では、成功体験はどうやるべきだろうか?おすすめのやり方としては、「休眠リードや休眠顧客」から「商談や案件のきっかけを作り出す」ことから始めると良い。理由は主に2つある。
1つ目は、休眠リードや休眠顧客は、営業部門が「ほったらかし」にしている可能性があるからだ。デジタルマーケティングでいろんな施策を展開しても営業部門の活動と衝突することが少ない。
2つ目は、連絡先がわかっているからだ。休眠リードや休眠顧客は名刺データがあるはずで、そこには電話番号やメールなどの連絡先が記載されている。それを活用できれば(個人情報保護方針によるが)すぐにいろんなアプローチ方法を検討でき、短期間での成果創出につながる可能性がある。
この2つの理由により、「休眠リードや休眠顧客」から「商談や案件のきっかけを作り出す」ことから始めると良い。
「成功体験作り」のための2つのプロセス
それでは、本コラムの最後に、「休眠リードや休眠顧客」から「商談や案件のきっかけを作り出す」ための2つのプロセスをご紹介する。当然、すべてのBtoB企業に必ず当てはまるというプロセスではないが、比較的進めやすいプロセスなので、ヒントにしていただけたらと思う。
ホワイトペーパーを作りメルマガで案内して資料請求を得る
1つ目のプロセスは、「ホワイトペーパーを作りメルマガで案内して資料請求を得る」だ。休眠リードや休眠顧客の名刺データをメルマガ配信システムに登録し、メール配信できるようにする。その上で、ホワイトペーパーを作成し、メール配信して資料請求を獲得するのである。
この施策のメリットは、資料を作るだけでできるので比較的すぐにできることだ。
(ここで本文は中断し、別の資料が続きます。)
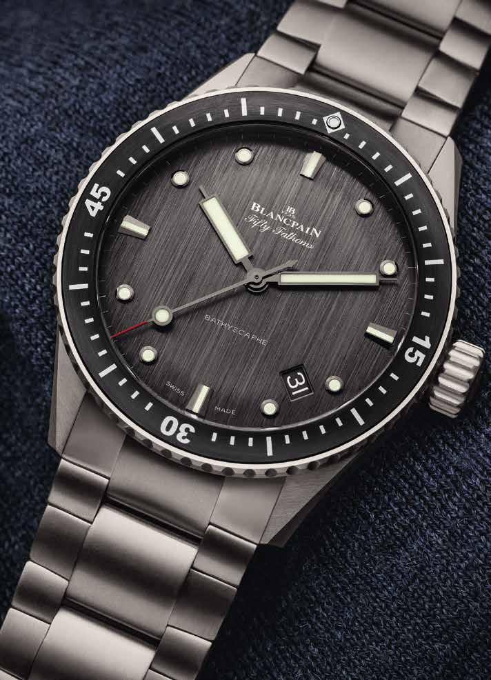 The latest Fifty Fathoms Bathyscaphe is a worthy heir to Blancpain's lineage of dive watches. It takes the company into uncharted waters with a metal that's rare in watchmaking: grade 23 titanium.
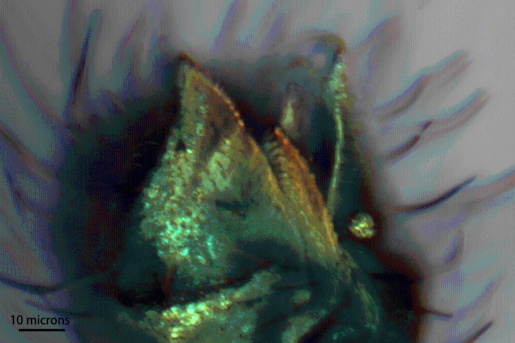 激光共聚焦顯微鏡下的雄蚊口器細節。(中國科學(xué)院南京地質(zhì)古生物研究所供圖)
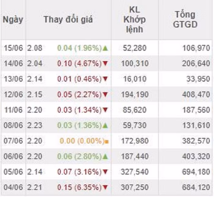 Lịch sử giao dịch 10 phiên gần nhất của KSH

場合によっては、社内にある過去の提案書などをホワイトペーパーにできることもあるので、手間の削減ができる可能性がある。
デメリットは、資料請求だけなので商談・案件につながる可能性が比較的低いことだ。ただ、休眠顧客や休眠リードからの資料請求となるため、「アポイントを取るきっかけ」くらいにはなる可能性がある。
うまくできたら、継続的にホワイトペーパーを作成すれば、成功体験作りの横展開や継続性も確保できるので、ぜひ取り組んでいただけたらと思う。
アンケートメールを送付し課題調査して案件を作る
2つ目のプロセスは、「アンケートメールを送付し課題調査して案件を作る」だ。ホワイトペーパーの時と同様に、休眠リードや休眠顧客の名刺データをメルマガ配信システムに登録し、メール配信できるようにする。
その上で、「休眠リードや休眠顧客の課題や悩み」を聞き出すアンケートをWEBフォームで作成し、アンケート回答をメールでお願いするのである。
メリットは、課題を調査できるのでその課題に合わせてOneToOneの対応が可能になり、商談につながる可能性があることだ。休眠リードや休眠顧客の課題や悩みを把握できるので、ソリューション提案に繋げやすくなる。さらに解決できた事例が社内にあれば、商談化になる可能性も非常に高くなる。加えて、ホワイトペーパーとは違い、資料を作る必要もない。
デメリットは、いわずもがな、回答されなければ効果なしだ。また、アンケートのお願いに対して、お礼の品(ギフト券など)をつける場合は費用もかかる。
弊社のコンサルティング支援の事例でいえば、BtoBの場合、お礼の品(ギフト券など)をつけなくとも、アンケート回答を得られるケースが非常に多い。そして具体的な悩みや課題を記載していただけることも多く、内容によっては商談になったケースもあるため、ぜひチャレンジしていただけたらと思う。
まとめ・重要なこと
以上、BtoBのデジタルマーケティングの重要性を浸透させる方法についてご紹介した。今すぐ浸透するというような方法や、どんな会社でも必ずうまくいくという方法は実際のところ存在しない。しかし、浸透がうまくいっている会社は、ご紹介した下記3つのポイントを徐々に進めている。
- 成功体験作りで成果を示すこと
- インサイドセールスの立ち上げ
- 人材育成体制の構築
そして、中でも重要なのは成功体験作りだ。これが最初のきっかけになるので、御社でもぜひ成功体験作りを進めてほしい。